La nuova istruzione accompagna dunque passo dopo passo i vescovi descrivendo per la prima volta minuziosamente tutti gli atti che devono seguire per iniziare e portare a termine la fase diocesana del processo di beatificazione, prima che questo approdi a Roma. «Nella prima parte - ha detto il cardinale - si richiama la necessità di un’autentica fama di santità per iniziare il processo». Proprio su questo punto, infatti, c’è stata in passato qualche confusione. «La verifica seria e severa della fama di santità - ha spiegato Saraiva - costituisce un adempimento previo e assolutamente necessario da realizzarsi in diocesi, sicché la procedura non deve essere iniziata se non risulta mediante prove inconfutabili che il candidato è considerato santo o martire presso una parte consistente dei fedeli, i quali si rivolgono a lui nella loro preghiere e attribuiscono grazie e favori alla sua intercessione».
La sottolineatura, che ribadisce le norme vigenti ma evidentemente non sempre accuratamente seguite, non fa altro che illustrare un principio antichissimo: nella storia della Chiesa la fama di santità è sempre stato il requisito primo e indispensabile per la beatificazione e la canonizzazione. Quella fama di santità che ben prima del riconoscimento ufficiale ha accompagnato personaggi come Padre Pio o Madre Teresa di Calcutta. Il cardinale ha anche sottolineato come non debba essere una generica inchiesta basata sul metodo storico-critico a determinare la santità di una persona, bensì un preciso procedimento giuridico: questo non significa però, ha chiarito, che non vi debba essere «una rigorosa ricerca storica», che «è ovviamente intrinseca alla raccolta delle prove». È citato esplicitamente, in un apposito capitoletto esplicativo, l’uso del computer e del registratore come mezzi per la modalità di reperimento delle prove.

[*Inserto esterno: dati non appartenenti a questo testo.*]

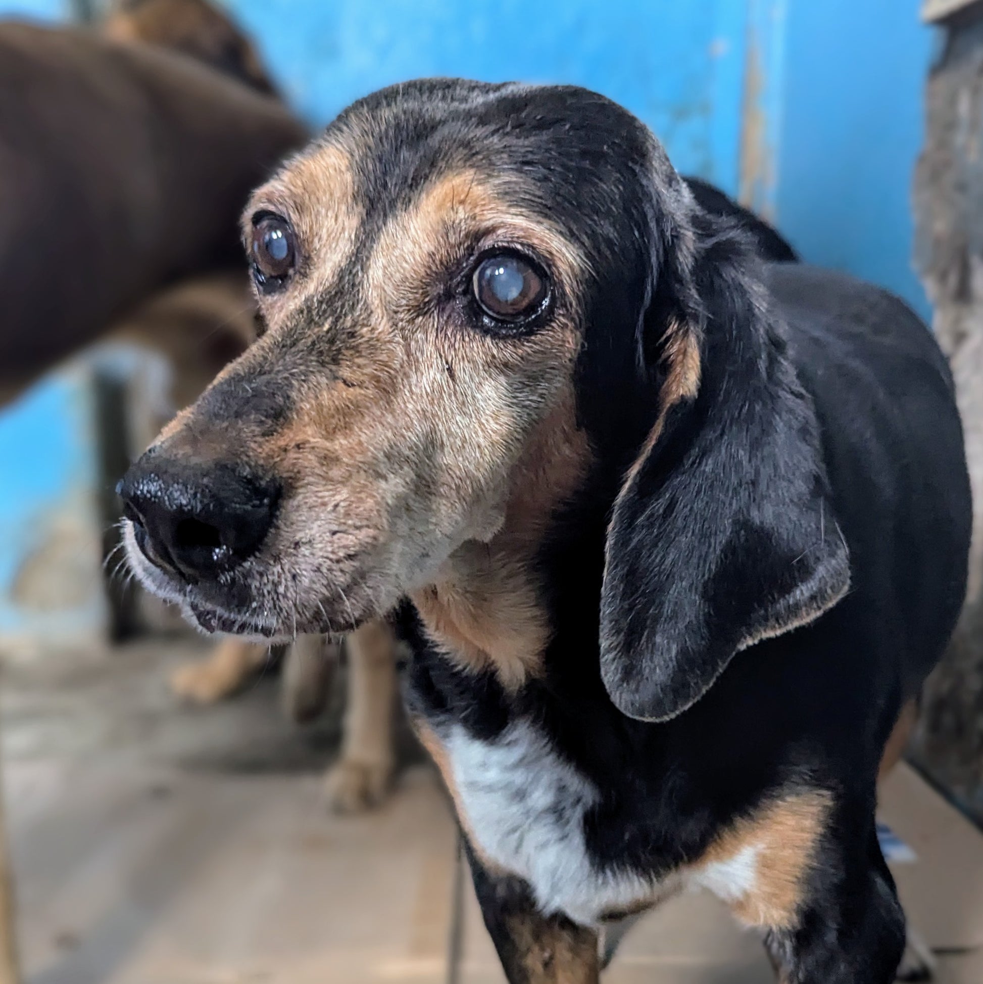 Medium-sized senior hunting mix male, black and tan with a white chest. Protective of his food during feeding. May have hearing issues
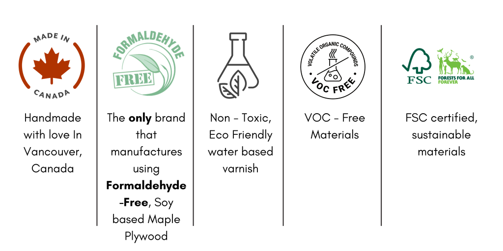 Crafted from maple plywood and birch plywood, chosen for their beauty, sturdiness, and eco-friendliness. These materials meet the strict California Air Resources Board (CARB) standards, ensuring they are safe for indoor air and environmentally responsible. This reflects our commitment to sustainability and delivering top-quality, safe products.

Un’appendice tecnica è molto legata all’attualità italiana, dopo le polemiche relative alla riesumazione e all’esposizione del corpo di Padre Pio, che sarà visibile ai fedeli a partire da fine aprile. L’istruzione vaticana esplicita con molti più particolari ciò che va fatto nella ricognizione delle spoglie di un beato o di un santo e conferma che sia per questa come per la traslazione del corpo da un luogo all’altro è necessario un nullaosta della Congregazione delle cause dei santi.
La presentazione del documento è stata l’occasione per fare il punto su alcuni processi: il cardinale ha detto che la causa di Pio XII «va avanti, non è stata dilazionata né tantomeno accantonata», mentre è ancora in fase di studio quella di Oscar Romero. Procede speditamente, invece, quella di Giorgio La Pira.